When gum tissues are inflamed, the barrier between the mouth and bloodstream becomes porous. Each time you brush, chew, or floss inflamed gums, LPS and bacteria can translocate into circulation, creating a pulse of systemic inflammation.
This oral–systemic connection has been strongly linked to rheumatoid arthritis, atherosclerosis, type 2 diabetes, and Alzheimer’s disease.

🔬 Key Research Findings

• Hitchon et al., 2010 (Arthritis Research & Therapy) – Found elevated serum LPS levels in rheumatoid arthritis patients compared to controls, correlating with CRP and IL-6.

• Tobón-Velasco et al., 2014 (Frontiers in Cellular Neuroscience) – Described how chronic exposure to LPS drives systemic inflammation and oxidative stress, contributing to neuroinflammatory and autoimmune disorders.

• Huang et al., 2021 (Frontiers in Immunology) – Showed that TLR4 signaling in synovial fibroblasts mediates cartilage degradation and osteoarthritis progression.

• Scher et al., 2012 (Arthritis & Rheumatism) – Identified P. gingivalis–related oral dysbiosis and citrullination as key links between gum disease and rheumatoid arthritis.

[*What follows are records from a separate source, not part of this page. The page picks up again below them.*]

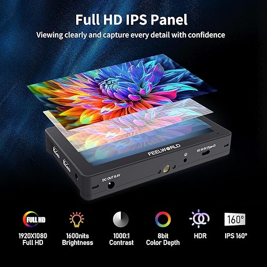 【フルHD&1600cd/m2高輝度】F5PROXは、コントラスト比1000:1、1600nitの高輝度フルHD 1920x1080 IPSパネルを搭載しています。 太陽光の下でも画面を鮮明に表示し、細部まで撮影することができます。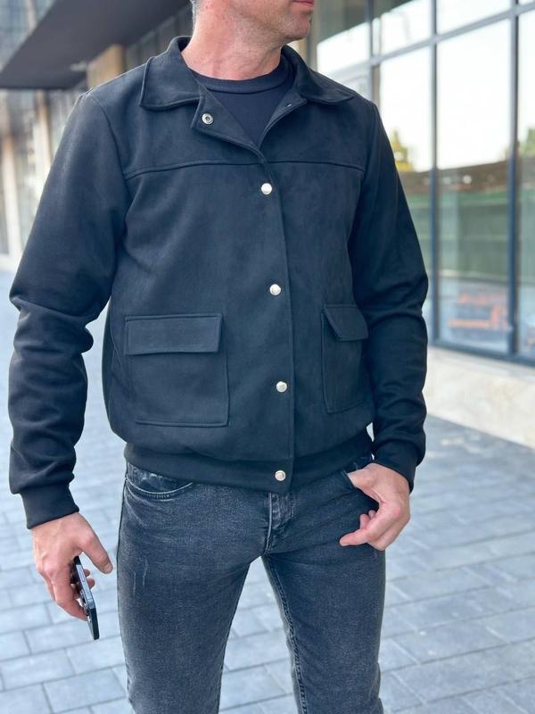 Стильний замшевий бомбер, актуальний цієї осені Тканина: замш на дайвінгу Розмір: 46-48, 50-52, 54-56 Колір: чорний, графіт, кемел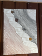 Textured waves flow between soft earth and stone tones, accented by embedded "coins". This piece explores movement, transition, and the value found in life's shifting paths.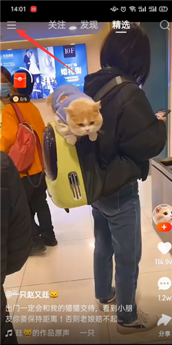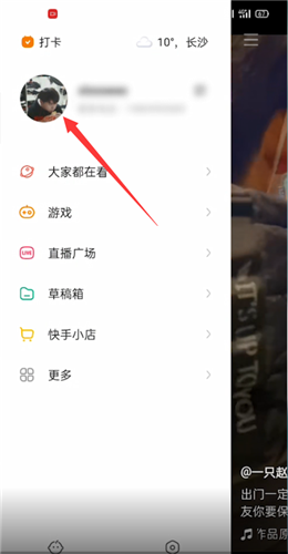 打开快手,点击左上角的三条横线,

• Vieira et al., 2019 (Clinical and Experimental Immunology) – Demonstrated that metabolic endotoxemia (from gut LPS) predicts higher inflammatory scores in arthritis and obesity.

🔧 How to Reduce LPS Load and Inflammation

1. Strengthen Gut Barrier Function

• Eat fiber-rich, plant-based foods.

• Include polyphenols (berries, green tea, pomegranate, turmeric).

• Avoid alcohol, emulsifiers, and ultra-processed foods that damage the gut lining.

2. Improve Oral Health

• Brush, floss, and use natural antimicrobial rinses daily.

• Treat gum inflammation and infection early.

• See the Oral Health for full details.

3. Support Beneficial Gut Bacteria

• Consume prebiotic foods (onions, garlic, legumes, oats, green bananas).

• Include fermented foods like sauerkraut or kefir (if tolerated).

• Consider probiotics targeting Lactobacillus and Bifidobacterium species.

4. Reduce Sugar and Processed Fat Intake

• High-fat, high-sugar meals acutely raise blood LPS within hours.

• Replace with whole foods, omega-3 fats, and resistant starch.

5. Anti-inflammatory Lifestyle Factors

• Prioritize sleep, manage stress, and exercise regularly — all shown to improve gut barrier integrity and lower LPS burden.

📘 Summary

Lipopolysaccharide (LPS) is not merely a bacterial by-product — it is a potent inflammatory driver capable of perpetuating chronic inflammation, joint pain, immune dysregulation, and tissue damage.

Leaky gut and leaky gums are major modern sources of LPS exposure, linking oral and gut health directly to inflammatory arthritis, metabolic disease, and cardiovascular risk.

Importantly, LPS burden depends not only on barrier integrity, but also on the abundance of LPS-producing bacteria. Reducing pathogenic microbial load while supporting a resilient, diverse microbiome may help lower inflammatory signalling — even when minor permeability is present.

Strategies that support gut and oral barriers, promote microbiome balance, and limit LPS exposure help reduce inflammation at its root and improve outcomes across a range of chronic inflammatory conditions.

As part of my my own daily protocols, I apply techniques that support microbial balance and reduce LPS burden.